Direct runs of SIMPROF are used to test for evidence of internal group structure in the full set of samples that are submitted to it, i.e. a single test rather than the (usually large) series of subset tests in the CLUSTER option. The advantage of doing a single test at a time is that more information can be output, as seen in the plot windows shown above under the SIMPROF method heading, for a preliminary test of any structure in the full set of 57 samples for the Bristol Channel zooplankton.

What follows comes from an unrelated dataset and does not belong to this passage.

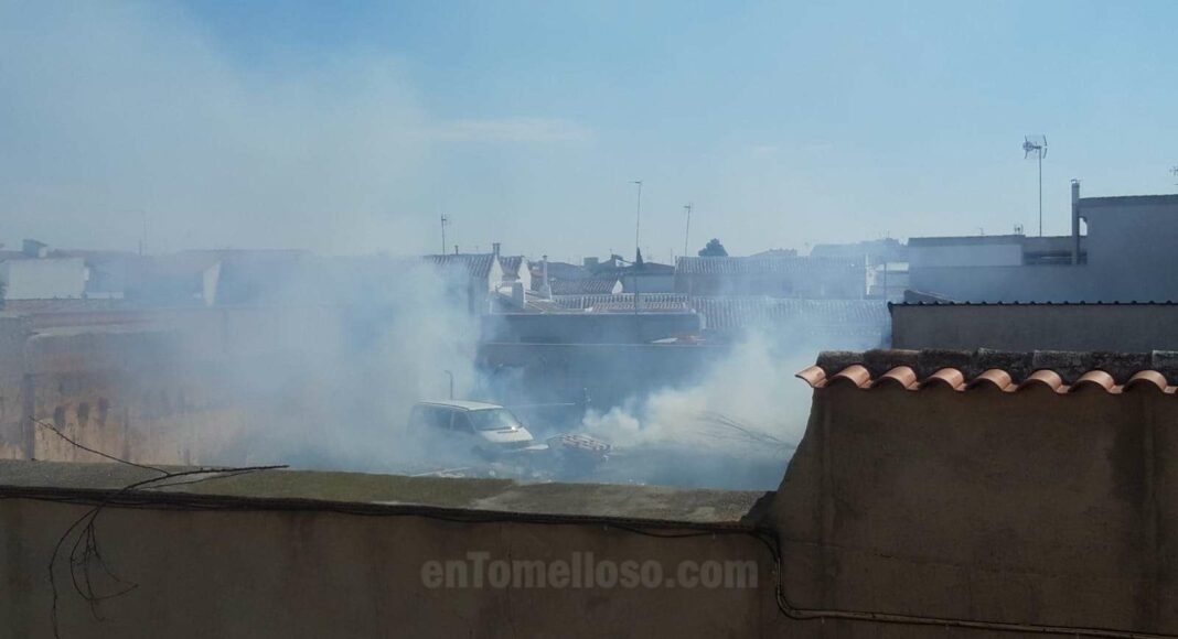 Los bomberos del Parque de Tomelloso han sofocado un incendio que se ha producido en un solar situado en la calle Manterola de la ciudad, en el que se ha visto afectado una furgoneta, así como algunos palets y diverso material.

Another output option for Analyse>SIMPROF, selected by checking ✓Stats to worksheet, is of the data used to plot the similarity profile itself. This worksheet will have a number of rows equal to the number of entries in the resemblance matrix, containing as ‘variables’: the real ranked similarities; the mean similarities from the permutations; the lowest and the highest similarities obtained, at each rank, over all permutations (not shown on the plot); and the lower and upper 99% limits (or whatever % specified) of the permuted values at that rank.
SIMPROF Types (1-4)
The first dialog box from running Analyse>SIMPROF, however, is of a new option to PRIMER 7, a choice of 4 types of SIMPROF test, which cover all 2 $\times$ 2 combinations of analysing samples or variables and permuting within samples or variables. The default, described above, is now referred to as a Type 1 test, in which similarities are calculated between all pairs of samples and the profiles recalculated under the null hypothesis by permuting entries of the data matrix separately within variables, across the samples. Type 2 and Type 3 SIMPROF tests concern analysis of variables in which, for example, the profile consists of index of association values calculated among species. Dependent on the hypothesis being tested this can either involve again permuting within variables across samples (Type 2) or within samples across suitably standardised species (Type 3). Chapter 7 of CiMC gives the motivation and examples for both Type 2 and 3 tests, seen again in Section 10, based on Somerfield PJ & Clarke KR 2013, J Exp Mar Biol Ecol 449: 261-273. The final option (Type 4) in this dialog, analysing samples and permuting within samples, has been included purely for completeness but has not been described and seems less likely to be practically useful.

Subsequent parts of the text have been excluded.